THE DATA:
------------

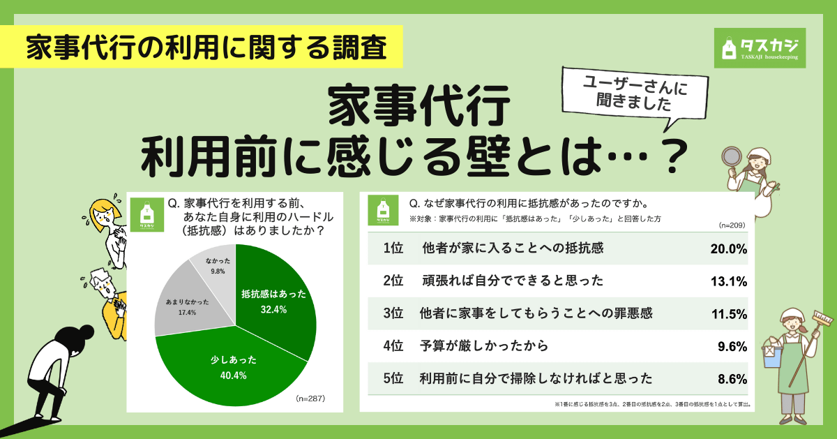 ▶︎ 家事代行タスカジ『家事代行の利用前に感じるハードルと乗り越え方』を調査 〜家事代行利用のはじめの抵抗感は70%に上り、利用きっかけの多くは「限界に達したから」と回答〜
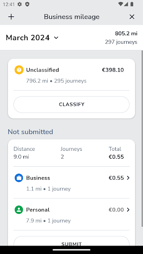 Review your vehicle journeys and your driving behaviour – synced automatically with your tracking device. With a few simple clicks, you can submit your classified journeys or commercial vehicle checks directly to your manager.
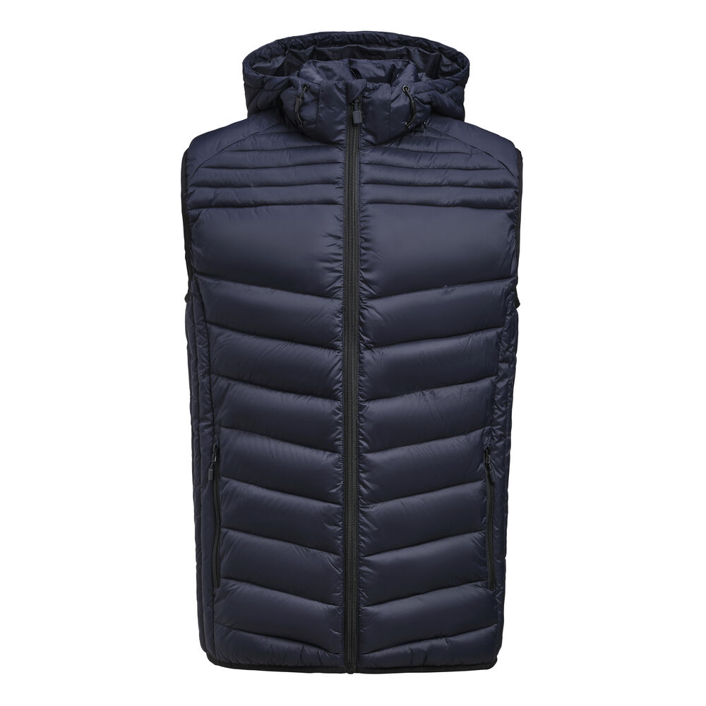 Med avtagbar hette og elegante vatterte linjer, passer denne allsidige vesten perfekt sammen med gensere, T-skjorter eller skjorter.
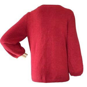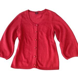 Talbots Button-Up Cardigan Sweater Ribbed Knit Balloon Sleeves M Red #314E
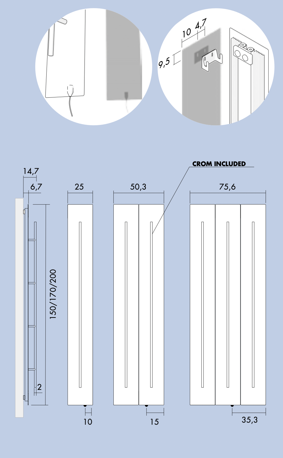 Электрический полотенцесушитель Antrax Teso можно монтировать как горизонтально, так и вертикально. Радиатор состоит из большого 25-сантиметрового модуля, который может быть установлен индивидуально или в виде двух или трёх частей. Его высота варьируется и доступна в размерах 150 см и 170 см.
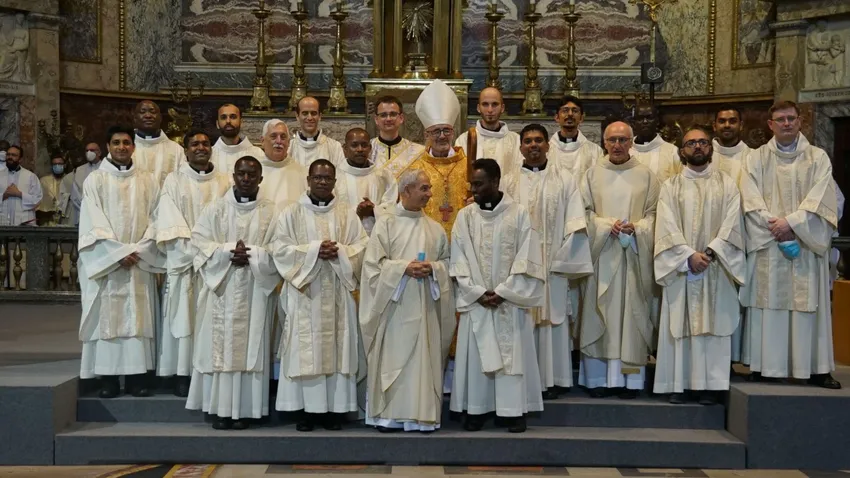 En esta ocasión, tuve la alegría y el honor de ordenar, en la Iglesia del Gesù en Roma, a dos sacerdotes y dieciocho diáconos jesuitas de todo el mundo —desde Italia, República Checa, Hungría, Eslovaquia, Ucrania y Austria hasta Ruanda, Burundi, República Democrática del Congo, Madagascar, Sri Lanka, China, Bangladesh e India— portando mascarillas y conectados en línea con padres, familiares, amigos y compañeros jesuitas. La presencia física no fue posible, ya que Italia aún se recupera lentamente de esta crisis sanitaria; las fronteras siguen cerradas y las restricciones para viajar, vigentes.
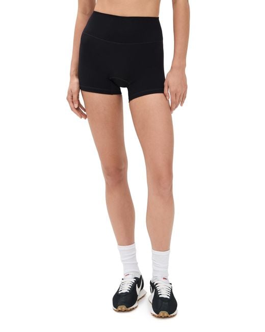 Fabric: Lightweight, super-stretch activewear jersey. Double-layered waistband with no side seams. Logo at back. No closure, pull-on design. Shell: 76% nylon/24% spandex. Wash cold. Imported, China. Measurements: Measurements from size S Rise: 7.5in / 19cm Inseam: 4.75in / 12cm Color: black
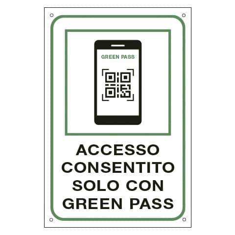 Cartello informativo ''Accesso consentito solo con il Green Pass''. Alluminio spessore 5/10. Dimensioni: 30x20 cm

------------

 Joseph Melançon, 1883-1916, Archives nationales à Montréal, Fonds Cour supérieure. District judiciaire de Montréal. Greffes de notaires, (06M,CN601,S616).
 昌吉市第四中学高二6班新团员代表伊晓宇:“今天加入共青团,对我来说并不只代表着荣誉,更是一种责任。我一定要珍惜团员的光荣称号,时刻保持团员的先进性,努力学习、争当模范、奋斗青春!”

------------

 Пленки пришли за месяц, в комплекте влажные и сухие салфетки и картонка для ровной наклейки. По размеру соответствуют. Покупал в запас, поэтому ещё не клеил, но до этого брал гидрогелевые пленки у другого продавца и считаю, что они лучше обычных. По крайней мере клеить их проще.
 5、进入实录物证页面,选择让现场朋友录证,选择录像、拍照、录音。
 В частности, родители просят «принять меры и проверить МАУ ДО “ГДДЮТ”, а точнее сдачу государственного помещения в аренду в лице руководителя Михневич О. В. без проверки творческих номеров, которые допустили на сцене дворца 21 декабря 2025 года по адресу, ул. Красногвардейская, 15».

------------

WORK ORDER: The lines above from the line with "Talbots Button-Up Cardigan" through the line with "Электрический полотенцесушитель Antrax" are to be given again word for word, with no pictures among them.

TASK RESULT:
 Talbots Button-Up Cardigan Sweater Ribbed Knit Balloon Sleeves M Red #314E
 Электрический полотенцесушитель Antrax Teso можно монтировать как горизонтально, так и вертикально. Радиатор состоит из большого 25-сантиметрового модуля, который может быть установлен индивидуально или в виде двух или трёх частей. Его высота варьируется и доступна в размерах 150 см и 170 см.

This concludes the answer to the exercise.